TASK GOAL: Go through the listing below and retype exactly the lines starting at the one with "虚幻引擎_地编作品_赛博朋克_下雨_EasyRain_光效" and ending at the one with "子どもたちは、夢中になって仕", skipping pictures.

RECORDS FOR THE EXERCISE:
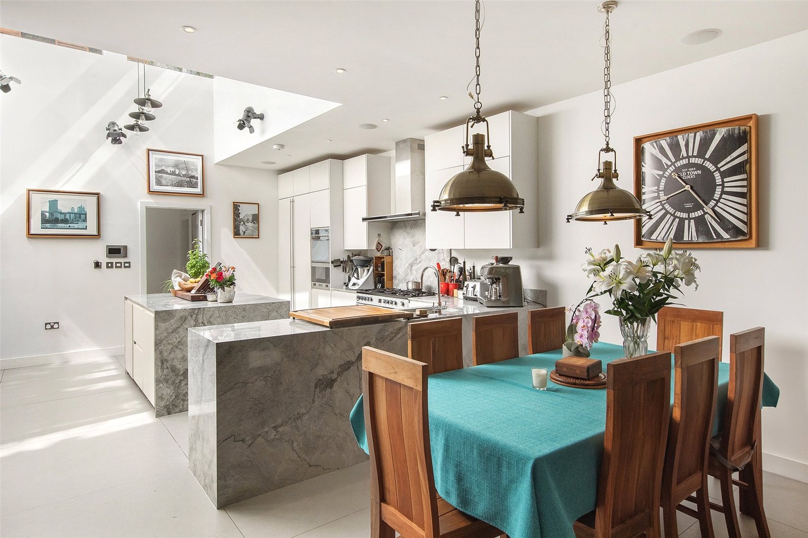 A truly exceptional five-bedroom modern home spanning over 3300 square feet, positioned off a quiet and secluded premier road in West Hampstead. The house has been subject to an impeccable, architecturally designed renovation, coupling meticulous details with careful modern touches. The works saw the addition of a large basement that now hosts an impressive wine cellar, sauna, and gym studio as well as a modern kitchen, flooded with an abundance of natural light. The rear extension provides full views of the garden and a unique feeling of space which needs to be viewed to be truly appreciated.
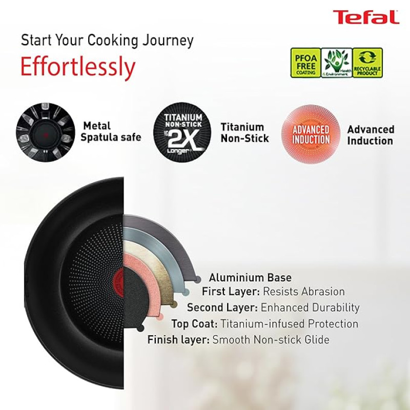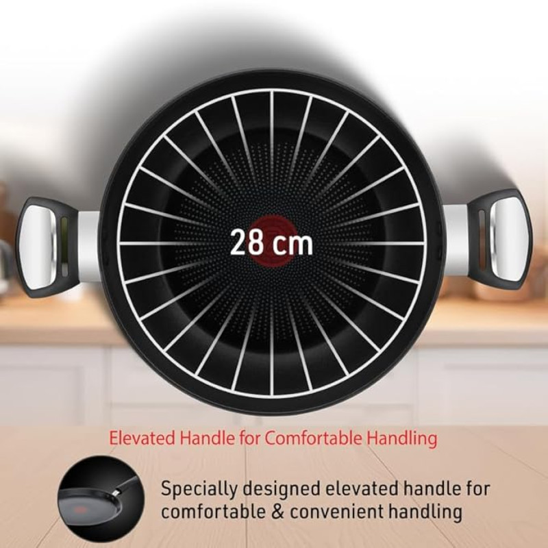Tefal Cook & Savour Non-Stick Kadhai with Lid/Thermo-Spot Technology/Titanium Non-Stick Coating / 28 cm/Superior Induction Base/Suitable for All Hob Type/Black / 2 Years of Warranty
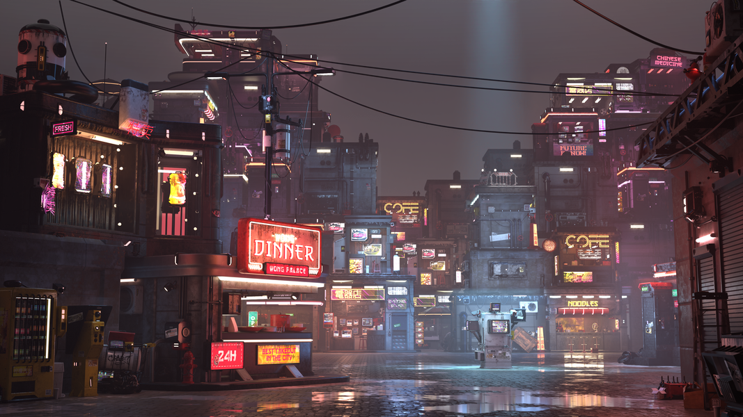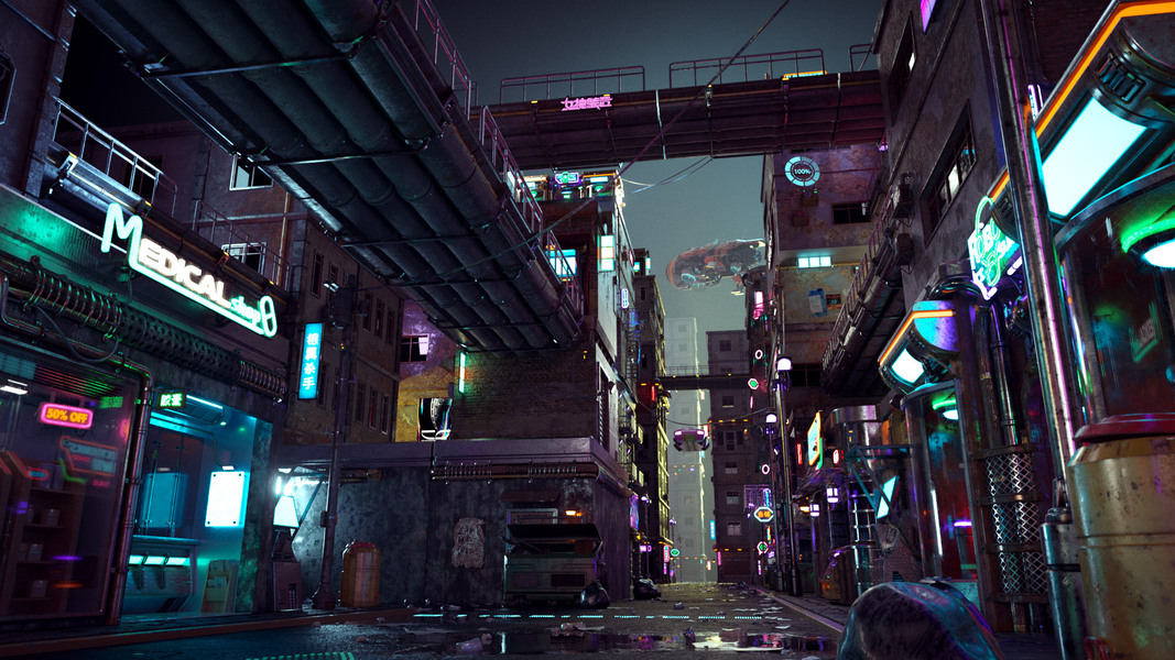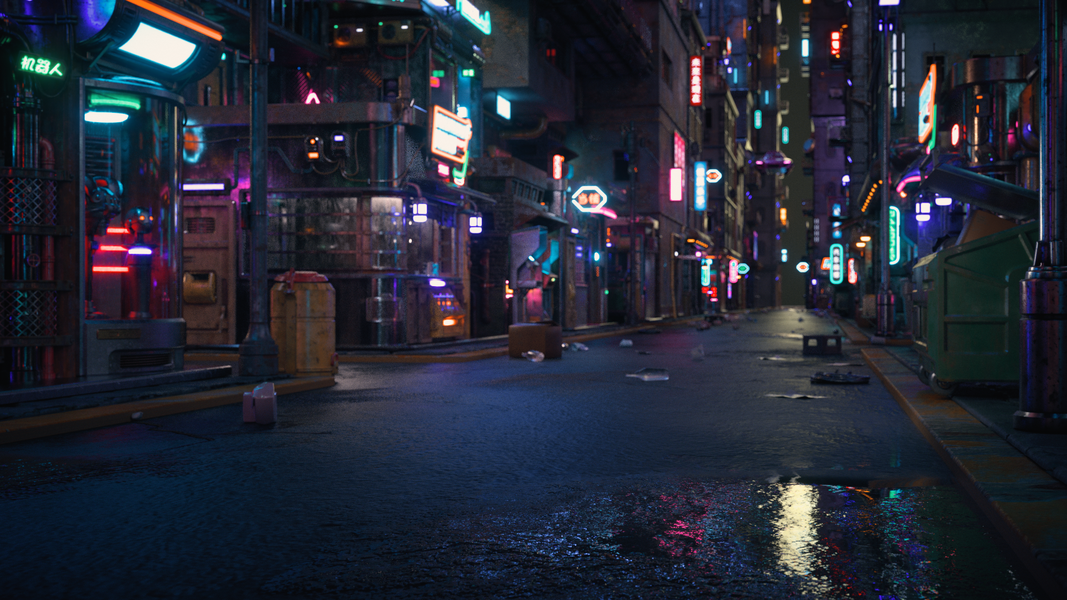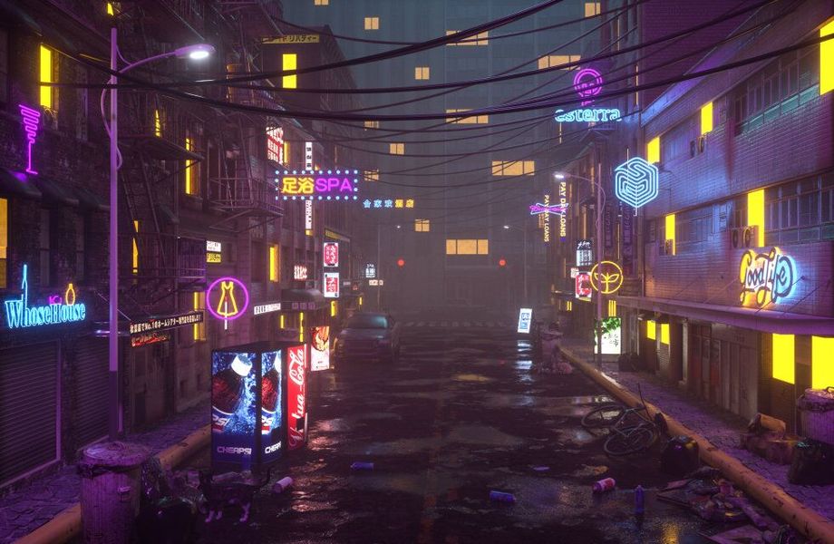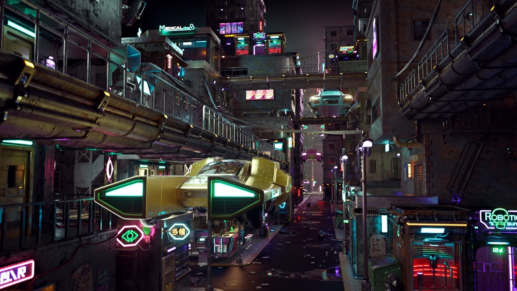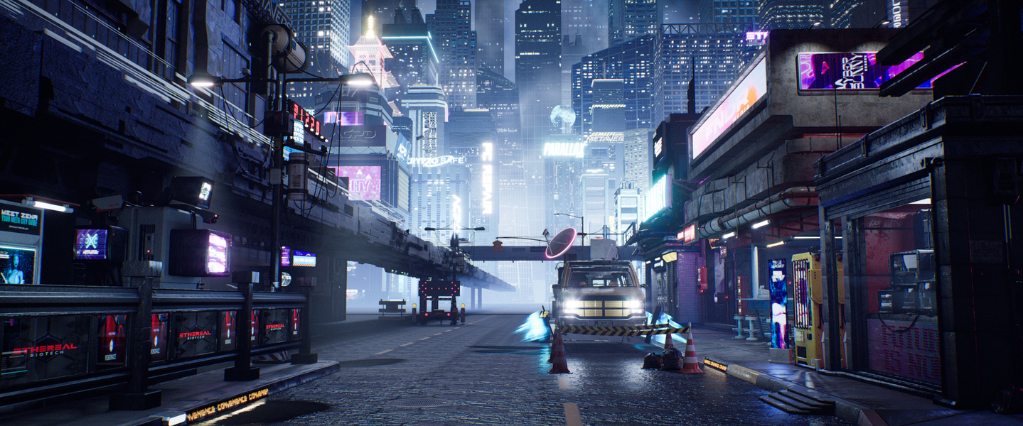 虚幻引擎_地编作品_赛博朋克_下雨_EasyRain_光效
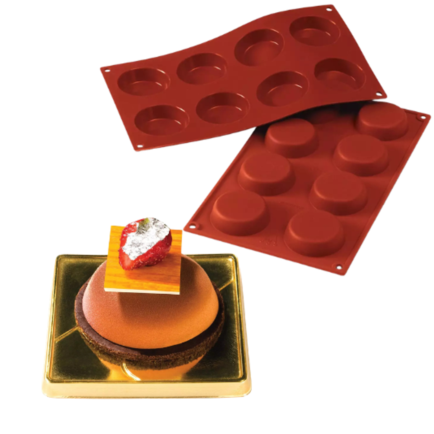 Silikonová forma Silikomart ve tvaru koláče je ideální pro tvorbu moderních dezertů i klasických tartaletek v elegantním provedení. Tento univerzální tvar umožňuje vytvářet dezerty s čistým designem a precizním zpracováním.
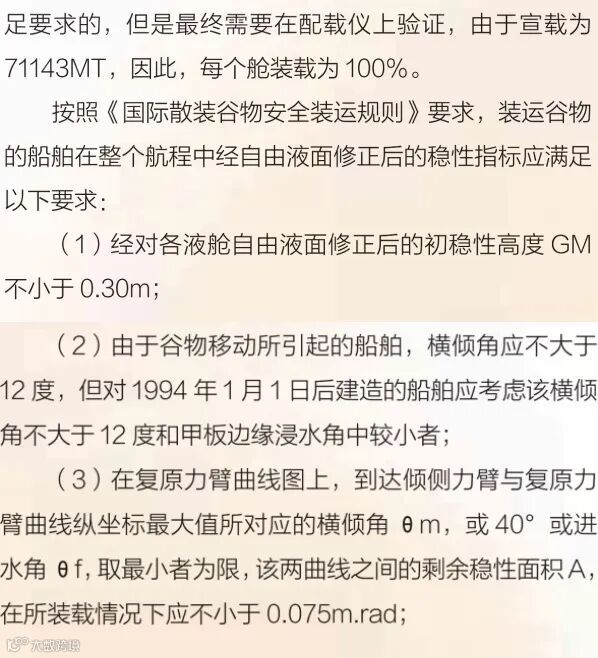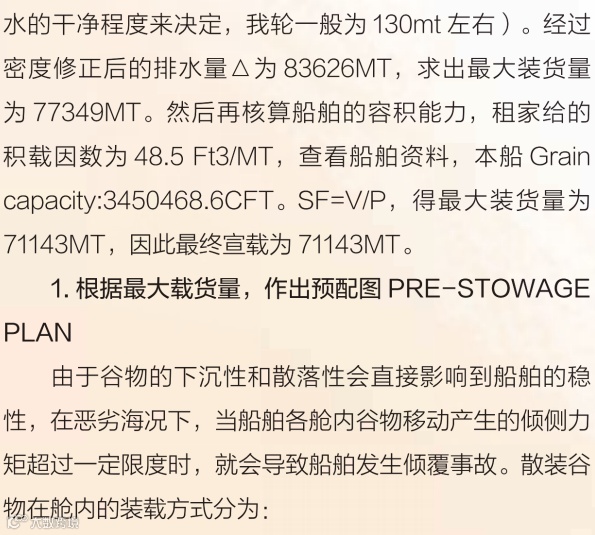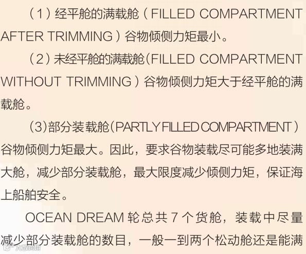装货顺序首先影响的是排水,再就是装货期间的船舶强度。装货顺序制定的原则首先是造出合适的吃水差,利于排水,尤其是对装货速度很快的港口而言更为重要。对于一般散货船,装货顺序的原则是先在船舶中部货舱开始装货,以缓解船舶中拱变形,然后首尾交替装货,以使船舶在整个装货期间不会产生过大的纵倾。另外要跟码头工头确认好码头条件,比如码头空高,装货期间能保证装货机抓斗能把货放到大舱,卸货时能保证最后的铲车能从大舱里吊出来,还有水深等限制条件。正常开始装货后就开始排水,如果港口装货速度太快,空高不受限制的话,可以提前排水,OCEAN DREAM两台泵一起排水速度大约3000MT每小时,装货速度正常一小时2000-3000MT,总体来说排水速度能够跟上装货速度。
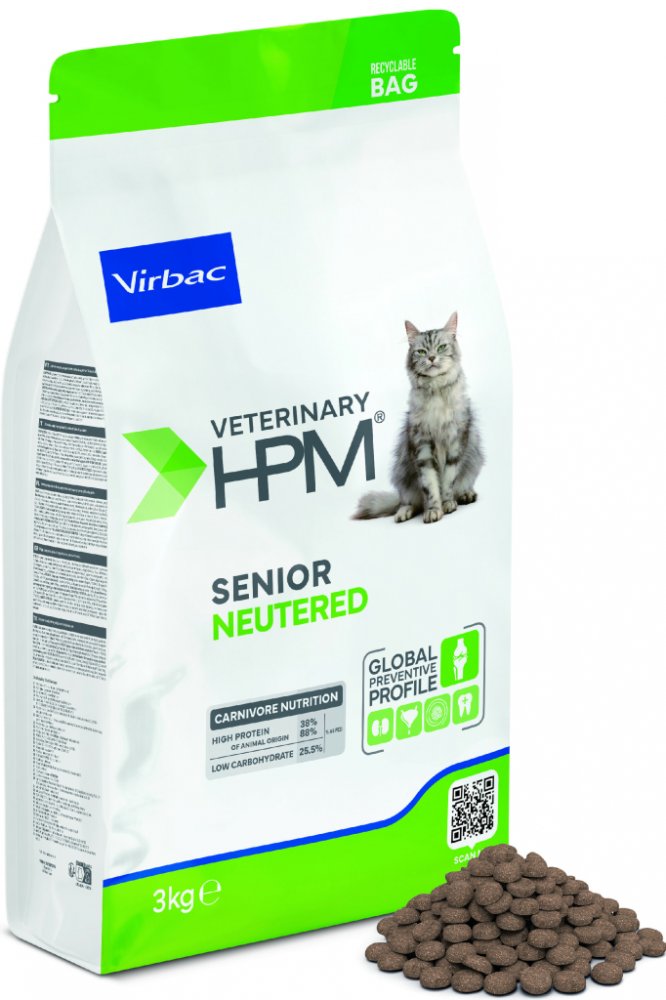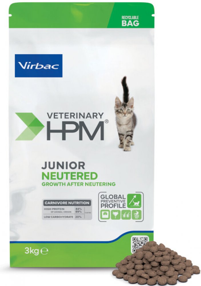 Jakmile je vaše mladá kočka sterilizována nebo vykastrována, změní se její metabolismus a s ním i její nutriční nároky. Virbac Veterinary HPM Junior Neutered Cat je nízkoalergenní suché krmivo se středním obsahem energie, které splňuje potřeby této fáze růstu. Virbac Veterinary HPM Junior Neutered Cat obsahuje velké množství živočišných bílkovin, které jsou důležité pro svalovou hmotu vaší kočky. Obsahuje také speciální směs vlákniny, která udržuje vašeho mazlíčka sytého a spokojeného mezi jednotlivými jídly. Díky cenným pre- a probiotikům podporuje krmivo pro kočky také optimální trávení a přirozenou střevní flóru. Virbac Veterinary HPM Junior Neutered Cat: Kompletní suché krmivo pro kastrované a sterilizované mladé kočky do 1 roku věku Mírný obsah energie: méně tuku, pro snadnější regulaci hmotnosti po kastraci/sterilizaci Bohaté na živočišné bílkoviny: vysoký obsah bílkovin podporuje optimální růst svalů Zvýšený obsah vlákniny: podporuje dobré zasycení mezi jídly Normální močový trakt: podporuje pití, přizpůsobený obsah minerálních látek, může podporovat vstřebávání vody a přispívat k optimálnímu pH moči Vysoká stravitelnost: snížený obsah škrobu, prebiotika a probiotika podporují optimální toleranci trávení a přirozenou střevní flóru Kůže a srst: bohaté na esenciální omega-3 a -6 mastné kyseliny pro normální stav kůže a lesklou srst Dentální hygiena: askorbylfosfát sodný může snížit riziko tvorby zubního kamene Nízký obsah alergenů: bez kukuřice, pšenice, lepku, sóji, vajec, hovězího masa a ryb S L-karnitinem
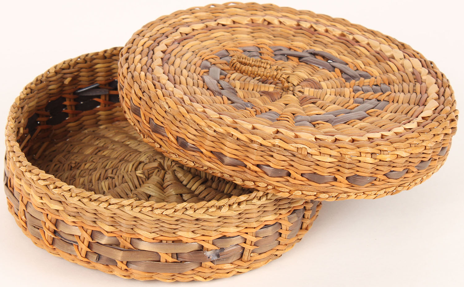 Southeast Indian 5 1/2'' wide lidded reed basket. Grade: Excellent - Value: 40 to 200
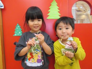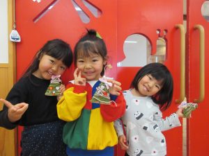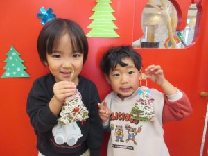 子どもたちは、夢中になって仕上げていました!出来上がったツリーを子どもたち同士で見せ合って、「かわいいね!」「上手!」と褒め合う姿がありました😊
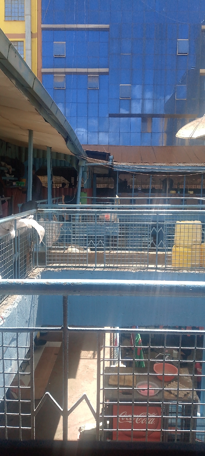 The image depicts an urban market area in Nairobi, Kenya, characterized by a multi-level structure of market stalls juxtaposed against modern high-rise buildings. In the foreground, a set of light blue painted metal railings, showing signs of wear and minor rust, forms a barrier for an elevated platform. Below these railings, a ground-level view reveals a reddish Coca-Cola cooler positioned to the right. To its left, a table or counter holds various objects, including a pink bowl and some unidentifiable white items. The ground surface below is a reddish-brown and appears dusty, with sunlight casting strong shadows. The midground features an active market section. Several individuals are present within stalls, largely obscured by the structure. One person on the left is partially visible, appearing to hold green items. The stalls are constructed with simple frameworks and topped with weathered, rusted corrugated iron roofs. Yellow plastic crates are stacked on the right side of this market level. Overhead, a large, circular, light-colored object, possibly a satellite dish or large lampshade, is partially visible on the far right, above the rusted roofing. The background is dominated by a modern multi-story building featuring a reflective blue glass facade. The facade exhibits multiple rectangular windows, some appearing partially open, and reflects the clear blue sky with scattered white clouds. To the left of this blue building, a section of a yellow multi-story building with standard rectangular windows is visible. The overall environment suggests a bustling commercial zone under bright daylight conditions.
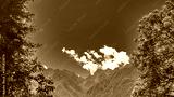 Beautiful mountain landscape. Peaks against a background of blue sky and clouds. Framing with branches of green trees. Peru. The Andes Mountains. Machu Picchu
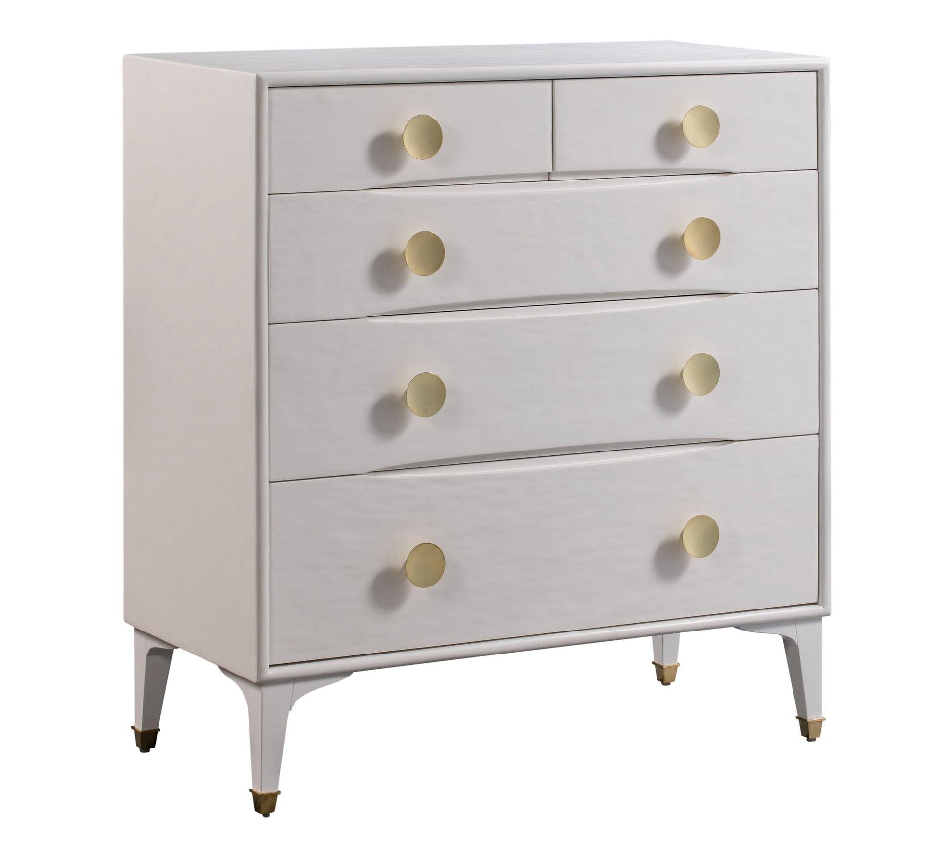 Born to make a statement, the Divine collection offers glam design that'll take your space to the next level. The brass handles and leg-tips pop in contrast to the white finish and the undulating surface provides texture and added sophistication. Combine the chest with the nightstand for the ultimate look.

RESULT OF THIS EXERCISE:
 虚幻引擎_地编作品_赛博朋克_下雨_EasyRain_光效
 Silikonová forma Silikomart ve tvaru koláče je ideální pro tvorbu moderních dezertů i klasických tartaletek v elegantním provedení. Tento univerzální tvar umožňuje vytvářet dezerty s čistým designem a precizním zpracováním.
装货顺序首先影响的是排水,再就是装货期间的船舶强度。装货顺序制定的原则首先是造出合适的吃水差,利于排水,尤其是对装货速度很快的港口而言更为重要。对于一般散货船,装货顺序的原则是先在船舶中部货舱开始装货,以缓解船舶中拱变形,然后首尾交替装货,以使船舶在整个装货期间不会产生过大的纵倾。另外要跟码头工头确认好码头条件,比如码头空高,装货期间能保证装货机抓斗能把货放到大舱,卸货时能保证最后的铲车能从大舱里吊出来,还有水深等限制条件。正常开始装货后就开始排水,如果港口装货速度太快,空高不受限制的话,可以提前排水,OCEAN DREAM两台泵一起排水速度大约3000MT每小时,装货速度正常一小时2000-3000MT,总体来说排水速度能够跟上装货速度。
 Jakmile je vaše mladá kočka sterilizována nebo vykastrována, změní se její metabolismus a s ním i její nutriční nároky. Virbac Veterinary HPM Junior Neutered Cat je nízkoalergenní suché krmivo se středním obsahem energie, které splňuje potřeby této fáze růstu. Virbac Veterinary HPM Junior Neutered Cat obsahuje velké množství živočišných bílkovin, které jsou důležité pro svalovou hmotu vaší kočky. Obsahuje také speciální směs vlákniny, která udržuje vašeho mazlíčka sytého a spokojeného mezi jednotlivými jídly. Díky cenným pre- a probiotikům podporuje krmivo pro kočky také optimální trávení a přirozenou střevní flóru. Virbac Veterinary HPM Junior Neutered Cat: Kompletní suché krmivo pro kastrované a sterilizované mladé kočky do 1 roku věku Mírný obsah energie: méně tuku, pro snadnější regulaci hmotnosti po kastraci/sterilizaci Bohaté na živočišné bílkoviny: vysoký obsah bílkovin podporuje optimální růst svalů Zvýšený obsah vlákniny: podporuje dobré zasycení mezi jídly Normální močový trakt: podporuje pití, přizpůsobený obsah minerálních látek, může podporovat vstřebávání vody a přispívat k optimálnímu pH moči Vysoká stravitelnost: snížený obsah škrobu, prebiotika a probiotika podporují optimální toleranci trávení a přirozenou střevní flóru Kůže a srst: bohaté na esenciální omega-3 a -6 mastné kyseliny pro normální stav kůže a lesklou srst Dentální hygiena: askorbylfosfát sodný může snížit riziko tvorby zubního kamene Nízký obsah alergenů: bez kukuřice, pšenice, lepku, sóji, vajec, hovězího masa a ryb S L-karnitinem
 Southeast Indian 5 1/2'' wide lidded reed basket. Grade: Excellent - Value: 40 to 200
 子どもたちは、夢中になって仕上げていました!出来上がったツリーを子どもたち同士で見せ合って、「かわいいね!」「上手!」と褒め合う姿がありました😊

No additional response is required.